PROBLEM TO SOLVE: An image-free, word-for-word version of the records below is to be returned.

RECORDS FOR THIS TASK:
Segment Open

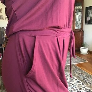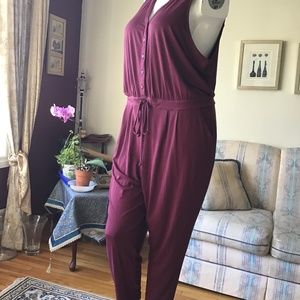 Stylish burgundy jumpsuit by Reitmans. Sleeveless with button front. Includes waist tie for a flattering fit.
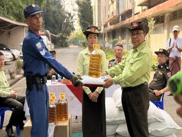 ရန်ကုန်တိုင်းဒေသကြီး၊ အလုံမြို့နယ်၌ ပြည်သူ့လုံခြုံရေးနှင့် အကြမ်းဖက်နှိမ်နင်းရေးအဖွဲ့ဝင်များသို့ ဆန်နှင့်ဆီ ထောက်ပံ့ပေးအပ်မှုအခမ်းအနားသို့ တက်ရောက်
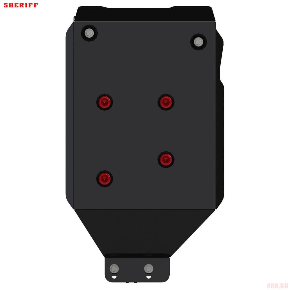 Защита картера Sheriff нужна для сохранности узлов и агрегатов, находящихся на днище авто. Она надежно защитит двигательный отсек вашей машины от повреждений. Также она защищает моторный отсек от влаги, грязи, и предусматривает наличие металлических крыльев, которые выполняют функцию пыльника.
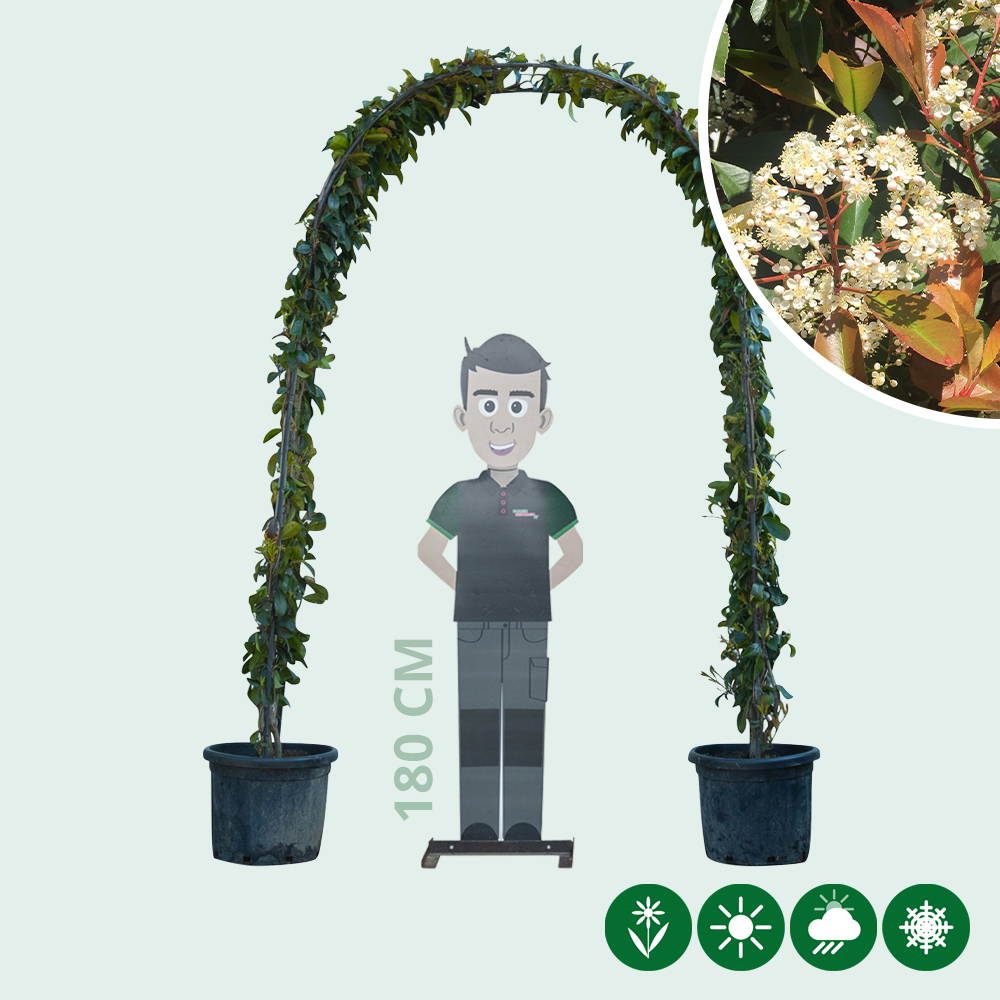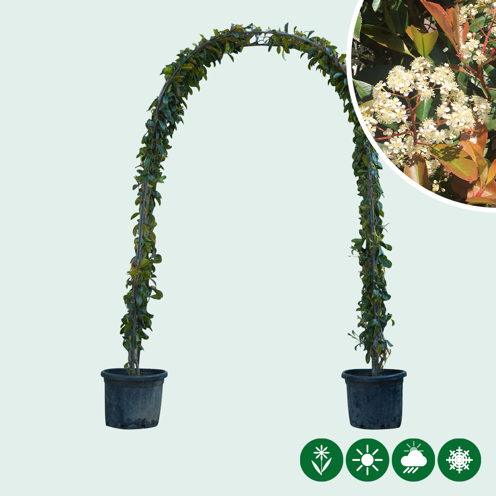 In het voorjaar loopt het blad van de glansmispel opvallend rood uit, wat zorgt voor een mooi kleurcontrast met het oudere, donkergroene blad. In mei en juni verschijnen daarnaast sierlijke witte bloemen die de boog een frisse uitstraling geven. Met een glansmispel boog voeg je niet alleen groen toe, maar ook kleur en structuur aan de tuin.
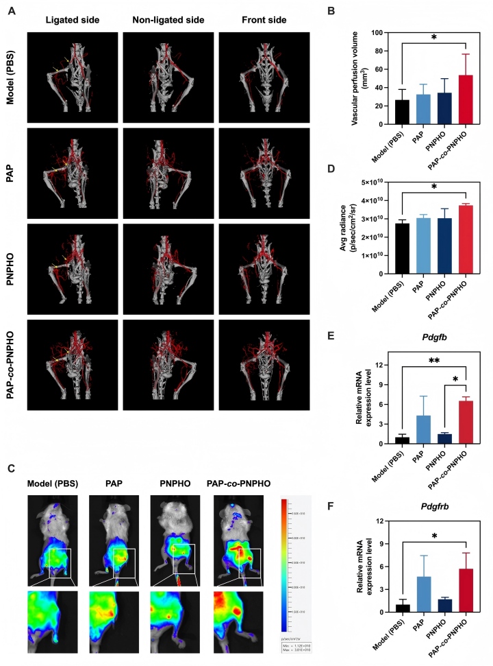 图五、PAP-co-PNPHO促进后肢血管新生与成熟。(A-B)Micro-CT血管重建;(C-D)活体荧光成像;(E-F)PDGF-B/PDGFR-β基因表达。
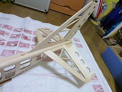 | 軽量化 まずは胴体後部のカバー(26g)をバルサ製に交換。バルサブロックをくり抜いて約13gになった。 これを胴体に接着すると捻れ剛性が格段にアップ、軽量化よりも剛性アップの効果が期待できる。 ヘリのテールパイプのような支持ステーは不要かも。(2012年2月18日) ![]() ![]() |
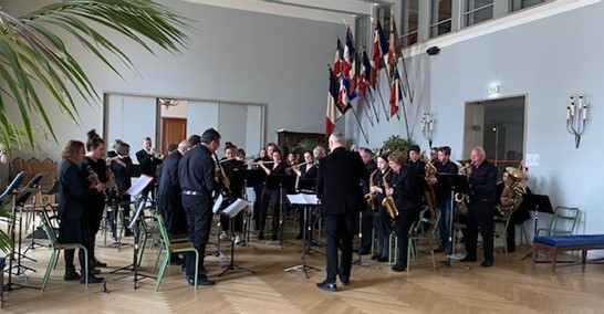Enfin, après un court diaporama réalisé par les archives municipales de Lorient reprenant l’exposition de 2010-2011 « 23 avril 1950, une visite particulière hommage d’un président de la République à une ville qui se relève », l’harmonie municipale a débuté son concert par la Marseillaise suivie de l’hymne national ukrainien.

Segment Closed

RESULT:
 Stylish burgundy jumpsuit by Reitmans. Sleeveless with button front. Includes waist tie for a flattering fit.
 ရန်ကုန်တိုင်းဒေသကြီး၊ အလုံမြို့နယ်၌ ပြည်သူ့လုံခြုံရေးနှင့် အကြမ်းဖက်နှိမ်နင်းရေးအဖွဲ့ဝင်များသို့ ဆန်နှင့်ဆီ ထောက်ပံ့ပေးအပ်မှုအခမ်းအနားသို့ တက်ရောက်
 Защита картера Sheriff нужна для сохранности узлов и агрегатов, находящихся на днище авто. Она надежно защитит двигательный отсек вашей машины от повреждений. Также она защищает моторный отсек от влаги, грязи, и предусматривает наличие металлических крыльев, которые выполняют функцию пыльника.
 In het voorjaar loopt het blad van de glansmispel opvallend rood uit, wat zorgt voor een mooi kleurcontrast met het oudere, donkergroene blad. In mei en juni verschijnen daarnaast sierlijke witte bloemen die de boog een frisse uitstraling geven. Met een glansmispel boog voeg je niet alleen groen toe, maar ook kleur en structuur aan de tuin.
 图五、PAP-co-PNPHO促进后肢血管新生与成熟。(A-B)Micro-CT血管重建;(C-D)活体荧光成像;(E-F)PDGF-B/PDGFR-β基因表达。
 | 軽量化 まずは胴体後部のカバー(26g)をバルサ製に交換。バルサブロックをくり抜いて約13gになった。 これを胴体に接着すると捻れ剛性が格段にアップ、軽量化よりも剛性アップの効果が期待できる。 ヘリのテールパイプのような支持ステーは不要かも。(2012年2月18日) ![]() ![]() |
Enfin, après un court diaporama réalisé par les archives municipales de Lorient reprenant l’exposition de 2010-2011 « 23 avril 1950, une visite particulière hommage d’un président de la République à une ville qui se relève », l’harmonie municipale a débuté son concert par la Marseillaise suivie de l’hymne national ukrainien.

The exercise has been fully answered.